GPT-4: The Latest Model For, But Not Limited To, ChatGPT
OpenAI has developed GPT-4, a large multimodal model that can accept both text and image inputs and emit text outputs, exhibiting human-level performance on various professional and academic benchmarks, including passing a simulated bar exam with a score around the top 10% of test takers. It is more reliable, creative, and able to handle much more nuanced instructions than GPT-3.5. GPT-4 considerably outperforms existing large language models, alongside most state-of-the-art (SOTA) models, and can accept a prompt of text and images, generating text outputs given inputs consisting of interspersed text and images. However, it still has limitations and is not fully reliable. Image inputs are still a research preview and not publicly available. GPT-4’s text input capability will be released via ChatGPT and the API, and its image input capability will be made available through a single partner. OpenAI is also open-sourcing OpenAI Evals, its framework for automated evaluation of AI model performance, to allow anyone to report shortcomings in its models to guide further improvements.
Other AI Tools
Although Google and Microsoft with OpenAI are currently leading the race in the AI industry, it’s important to note that there are several other AI tools available. Aside from ChatGPT, OpenAI has various AI projects. OpenAI’s Dall-E can produce art and images from a textual description. Another example is Salesforce’s Einstein AI, which is a business intelligence AI that acts as a smart assistant, providing recommendations and automating repetitive data input for employees, thus enabling them to make informed decisions. What’s more, not all AI tools are backed by big corporations. CodeProject.AI is a prime example of a great tool that provides image and video analysis for applications such as object detection in a security system.
The Future of AI
The future of AI is promising and holds immense potential for advancements in various industries. AI will continue to revolutionize the way we work and live, transforming business operations and enhancing human capabilities. We can expect to see more sophisticated AI systems that can perform complex tasks with greater accuracy, efficiency, and speed, which will lead to increased productivity and profitability.

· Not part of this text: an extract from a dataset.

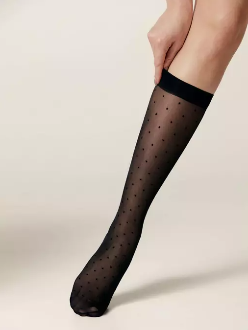 Плотные эластичные гольфы DOTS станут стильной альтернативой классическим однотонным моделям. 40 den, тонкие и эластичные, рисунок «точки», однородные по всей длине, без пятки, с бортом, созданы для стильных образов. полиамид 87%/ эластан 13%

In the near future, we will see AI being integrated into more consumer products and services, such as virtual assistants, smart homes, and self-driving cars. We will also see AI being used more in healthcare to assist in diagnosis and treatment, as well as in education to personalize learning experiences for students.
As corporations compete to be at the top of the AI industry, AI technologies will continue to develop rapidly. We may see the emergence of more advanced forms of AI, such as Artificial General Intelligence (AGI), which can perform tasks across a wide range of domains and potentially surpass human-level intelligence. However, AGI raises significant ethical concerns, and it will be crucial to ensure that AI development is aligned with human values and goals.
Overall, the future of AI and the impact of artificial intelligence is exciting, and we can expect to see continued growth and advancements in this field, which will undoubtedly have a significant impact on society and our daily lives.